THE DATA: Begin

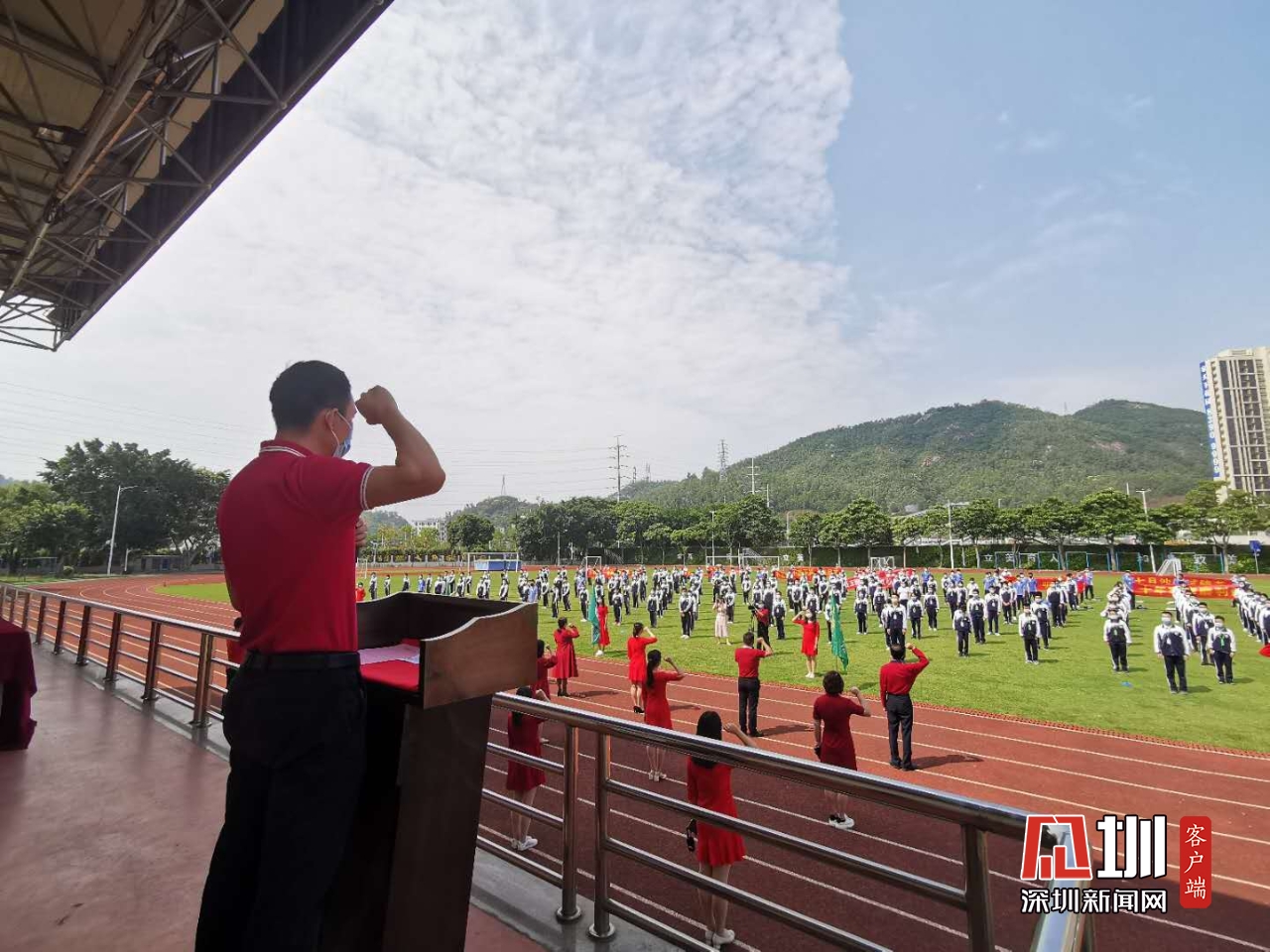 大鵬新區(qū)葵涌中學(xué)九年級全體學(xué)生進(jìn)行了宣誓,楊思同學(xué)則代表九年級學(xué)生鳴響學(xué)校鐘聲,鳴響全體考生對決勝中考的美好愿望。
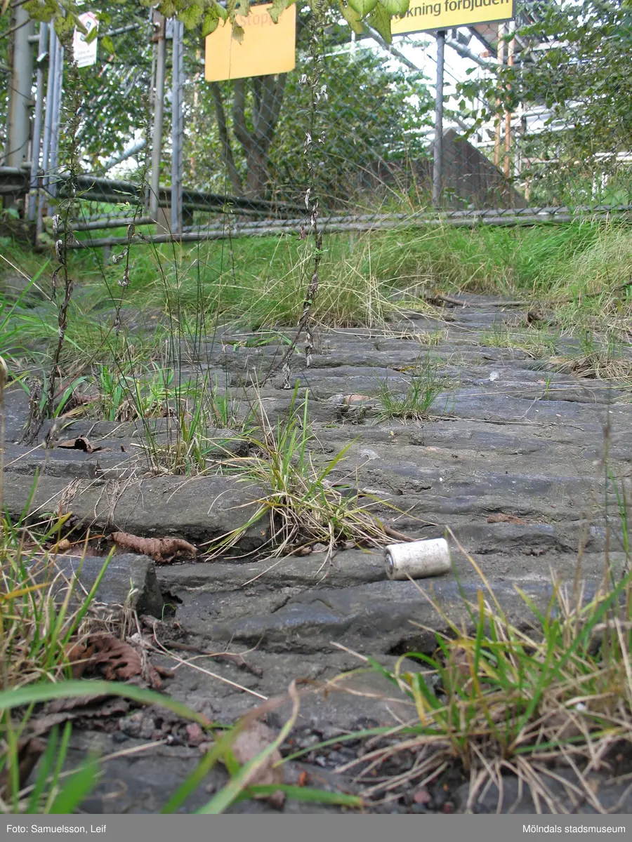 En äldre stenbelagd väg vid Soabs industrianläggning i Mölndals Kvarnby, år 2007. Anläggningen användes vid fototillfället av Hexion Speciality Chemicals Sweden AB.
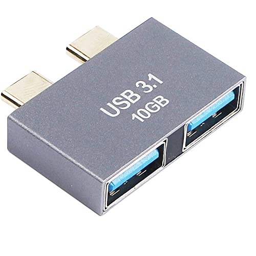 QIANRENON Adattatore doppio USB C per notebook da 2 USB C maschio a 2 USB 3.1 femmina con connettore di estensione 10Gbps, per MacBook Pro/Air, alluminio, grigio
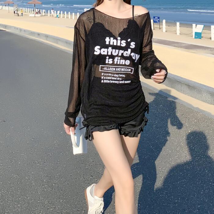 7カラー 4サイズ 水着 レディース ビキニ ショートパンツタイプ シースルートップス フリル ブラック ホワイト ベージュ ピンク ブラウン 上下 セパレート 大きいサイズ
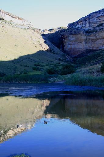 Keywords: drakensberg mountains water landscape scenery natural water reflection blue cleft in mountains nature stream
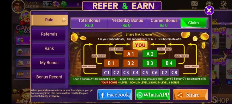 You can also become a game agent and earn commissions based on how many players join via your referral.
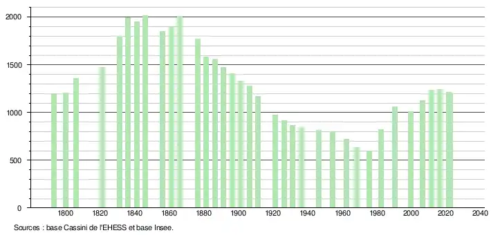 L'évolution du nombre d'habitants est connue à travers les recensements de la population effectués dans la commune depuis 1793. Pour les communes de moins de 10 000 habitants, une enquête de recensement portant sur toute la population est réalisée tous les cinq ans, les populations de référence des années intermédiaires étant quant à elles estimées par interpolation ou extrapolation[24]. Pour la commune, le premier recensement exhaustif entrant dans le cadre du nouveau dispositif a été réalisé en 2006[25].
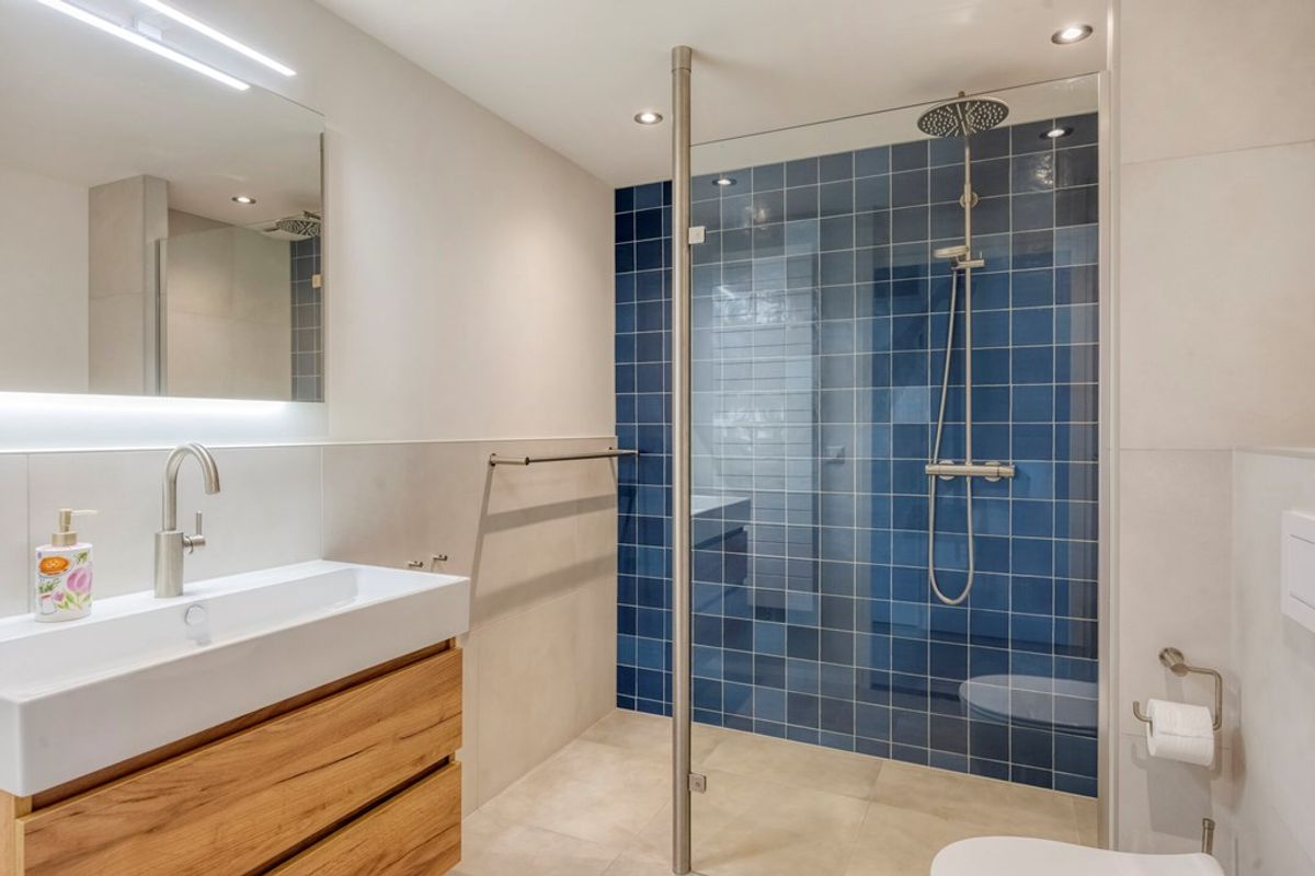 De eerste verdieping telt twee ruime slaapkamers , beide met veel licht en een verzorgde afwerking. De hoofdslaapkamer is bijzonder royaal en voorzien van een grote, op maat gemaakte kastenwand over de volledige breedte. De tweede kamer aan de voorzijde is ingericht als slaapkamer en werkplek, maar kan ook eenvoudig opgesplitst worden tot 2 slaapkamers. De badkamer is stijlvol en modern, met natuurlijke materialen, een inloopdouche met regendouchekop, hangkast, wandcloset, een houtlook wastafelmeubel en een strak betegelde afwerking.
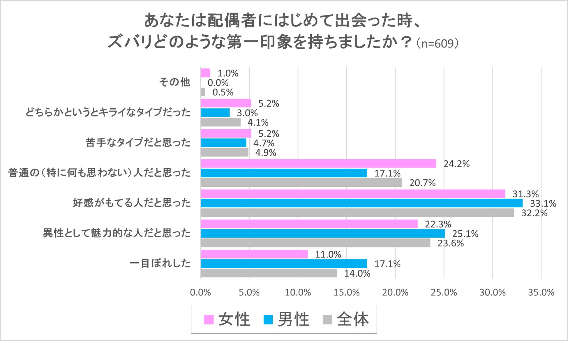 最初の設問では配偶者に初めて出会った時の第一印象について質問をしてみました。

THE DATA: End

WHAT YOU HAVE TO DO ▸ Where the line with "You can also" appears, begin there and transcribe exactly through the last line of the data, leaving all pictures aside.

ANSWER SECTION ▸
 You can also become a game agent and earn commissions based on how many players join via your referral.
 L'évolution du nombre d'habitants est connue à travers les recensements de la population effectués dans la commune depuis 1793. Pour les communes de moins de 10 000 habitants, une enquête de recensement portant sur toute la population est réalisée tous les cinq ans, les populations de référence des années intermédiaires étant quant à elles estimées par interpolation ou extrapolation[24]. Pour la commune, le premier recensement exhaustif entrant dans le cadre du nouveau dispositif a été réalisé en 2006[25].
 De eerste verdieping telt twee ruime slaapkamers , beide met veel licht en een verzorgde afwerking. De hoofdslaapkamer is bijzonder royaal en voorzien van een grote, op maat gemaakte kastenwand over de volledige breedte. De tweede kamer aan de voorzijde is ingericht als slaapkamer en werkplek, maar kan ook eenvoudig opgesplitst worden tot 2 slaapkamers. De badkamer is stijlvol en modern, met natuurlijke materialen, een inloopdouche met regendouchekop, hangkast, wandcloset, een houtlook wastafelmeubel en een strak betegelde afwerking.
 最初の設問では配偶者に初めて出会った時の第一印象について質問をしてみました。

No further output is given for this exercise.